Le patois local > Chroniques d’un vieux Paydret > La buaille
... ou la lessive, toujours le lundi autrefois. Le texte d’Eloi Guitteny, d’avril 1975, extrait des Chroniques inédites d’un vieux Paydret est dit par Renée Bâtard.
-
- La buaille, texte d’Eloi Guitteny lu par Renée Bâtard.
- Télécharger le fichier mp4
Traduction :
Tous les lundis, quel que soit le temps, il fallait s’y mettre. Dans bien des maisons, ça se passait dans la boulangerie, dans le foyer qui se trouvait à l’entrée du four, mais ça se faisait aussi dehors.

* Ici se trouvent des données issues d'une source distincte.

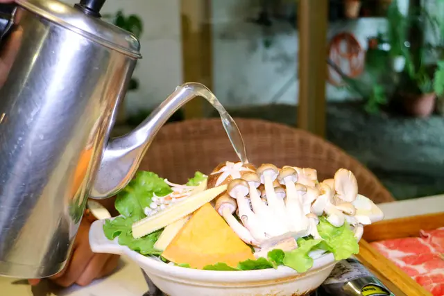 火鍋附有白飯及紅茶,沒有火鍋料全部都是健康的蔬菜跟菇類,有南瓜、小玉米、高麗菜、金針菇、香菇、秀珍菇等等,品嘗來自食材本身散發的純粹美味
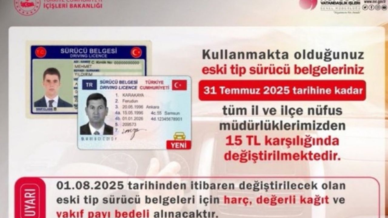 Şu an için eski tip sürücü belgeleri yalnızca 15 TL karşılığında yenilenebiliyor. Ancak 31 Temmuz 2025’ten sonra yapılacak başvurularda bu ücretin yanı sıra harç, değerli kâğıt ve vakıf payı gibi ek kalemler de talep edilecek. Bu durum hem maddi külfeti artıracak hem de işlem sürecini zorlaştıracak.

La grande poêle de bronze qui servait à la Saint-Jean à faire "bromer" la poêle [1] était posée sur un grand trépied dans la cour avec un gros fagot d’épines au-dessous, de la cendre dans le chaudron pour remplacer la lessive et allez, frotte que je te frotte !
Après, il fallait empoigner le bat-drap et s’en aller à l’abreuvoir ou au ruisseau pour rincer. Je me souviens des années de sécheresse, quand les puits étaient vides, il fallait aller à plus d’un kilomètre et demi pour rincer le linge au pont de Sauzou. J’allais avec ma mère pour rouler la brouette.
L’eau qui restait dans le chaudron s’appelait le "lessis" ou bien le "rebouilli". Il n’était pas question de la jeter. Elle servait à décrasser la fois suivante.
A cette époque, on ne gaspillait rien. Mais ça n’empêchait pas les femmes d’être fières d’étendre sur les haies des draps et des chemises de toile aussi blanches que de la fleur de farine.
Notes
[1] faire bromer (beugler) la poêle était une coutume de la Saint-Jean consistant à faire résonner la poêle avec une pression des doigts sur des joncs tendus de chaque côté du chaudron d’airain.